February 21st, 2002 at 2:25 PM
what is the technology going to *protect*?
An ethical debate influences a lot of things: funding, banning, fear of losing public support in a war, ability to recruit young scientists or encourage their career paths.
Someone reading this "must accelerate technology" propaganda is going to conclude that they must actively try to conquer the world as a moral obligation. Please. If that's to be done, it's not going to be done by some AI built by you guys, it's going to be done by folks over at the GlobalGreens http://globalgreens.org
Why them? Peace, ecology, democracy, feminism, decentralism… pardon me but their values are the ones that you claim are upheld by technology.
The difference is that they are dealing with this weird legacy system of monkey politics. Pink Goo. As if you guys can avoid it by wishing!
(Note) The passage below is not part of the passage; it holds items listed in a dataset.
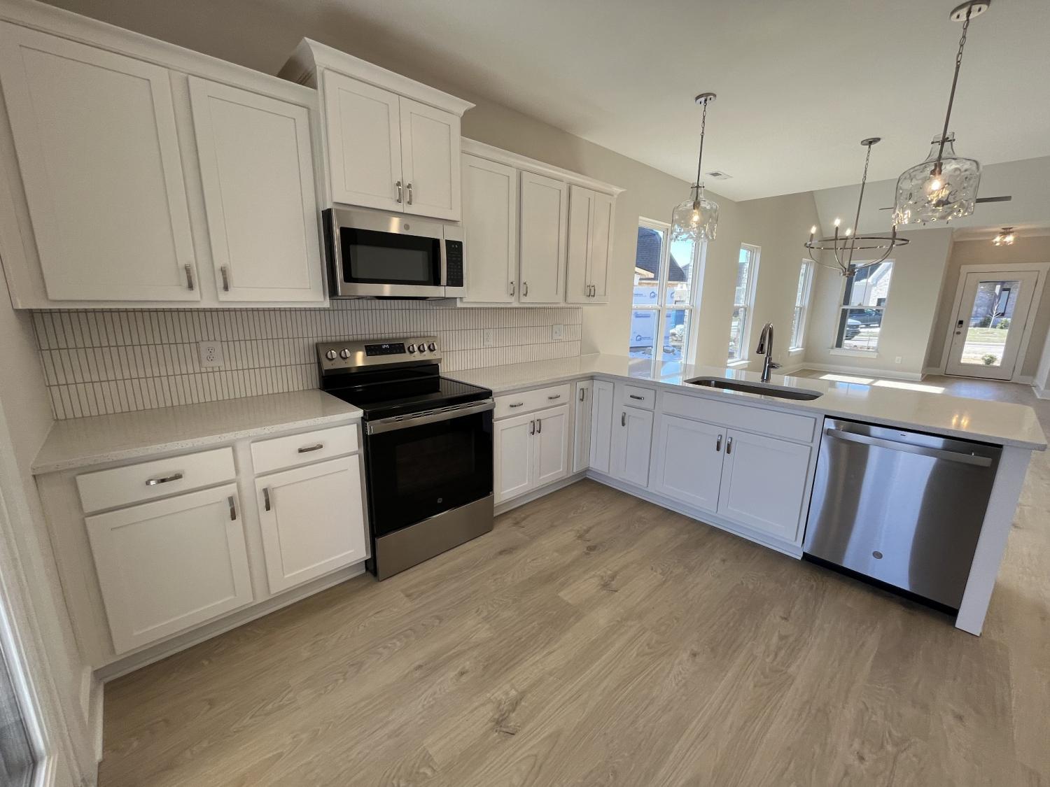 Discover single-level living in this all-brick 3-bed, 2-bath, 1,422 sq ft new construction home in Westfield Ph 2A. The inviting design includes an open-concept kitchen with quartz countertops, designer tile backsplash, upgraded cabinetry, and stainless appliances, flowing into a spacious dining area and living room with a gas fireplace. Durable laminate flooring enhances the main living spaces, while bedrooms offer plush carpet and baths are finished with tile. The primary suite features a tiled shower and dual vanities, with two additional bedrooms providing versatility. Neutral paint colors, upgraded finishes, and a 2-car front-entry garage complete the home. Located in the sought-after Westfield community, residents enjoy access to a pool and convenience to Station Camp schools, shopping, and major commuter routes. Ask about our available builder incentives!
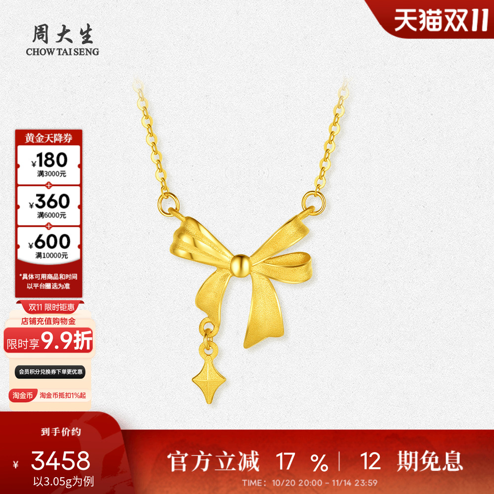 周大生黄金项链女5G足金星芒蝴蝶结套链吊坠锁骨O字链送女友礼物
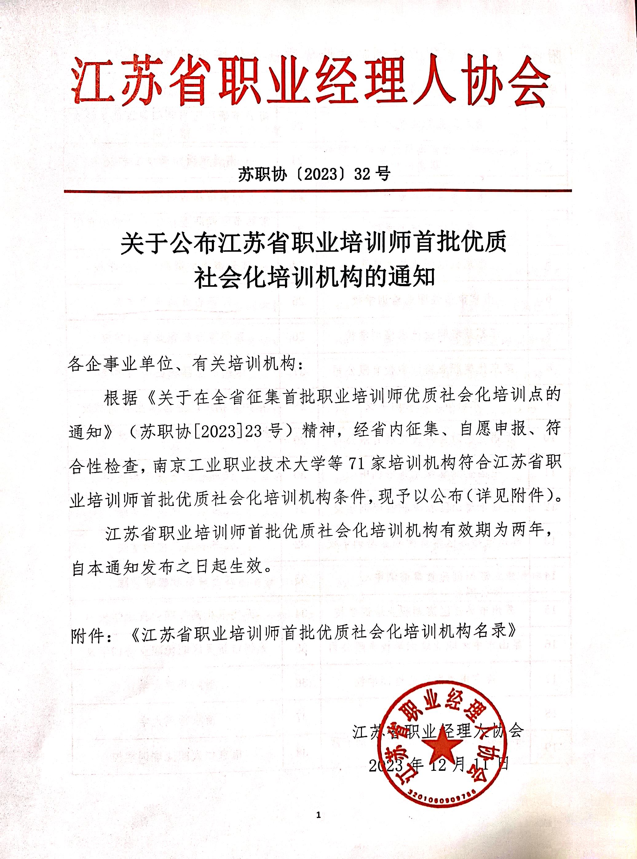 近日,江苏省职业经理人协会发布《关于公布江苏省江苏省职业培训师首批优质社会化培训机构的通知》,我院获批“江苏省职业培训师首批优质社会化培训机构”。

I'm totally with JBash on this outreach, but if you are going to approach this as a propaganda exercise, be ready to learn something. The weakness of their strategic and diplomatic (both highly intuitive) thinking is that it's not always technically rigorous. But then, you don't know what's going to work either, so that's only a quantitative difference – you may be more likely than them to be right, but they don't need to be exactly right to apply a Precautionary Principle. Just as you don't to apply for funding!
The other thing they do right is they ask what you are *protecting* not what you're *assuming*.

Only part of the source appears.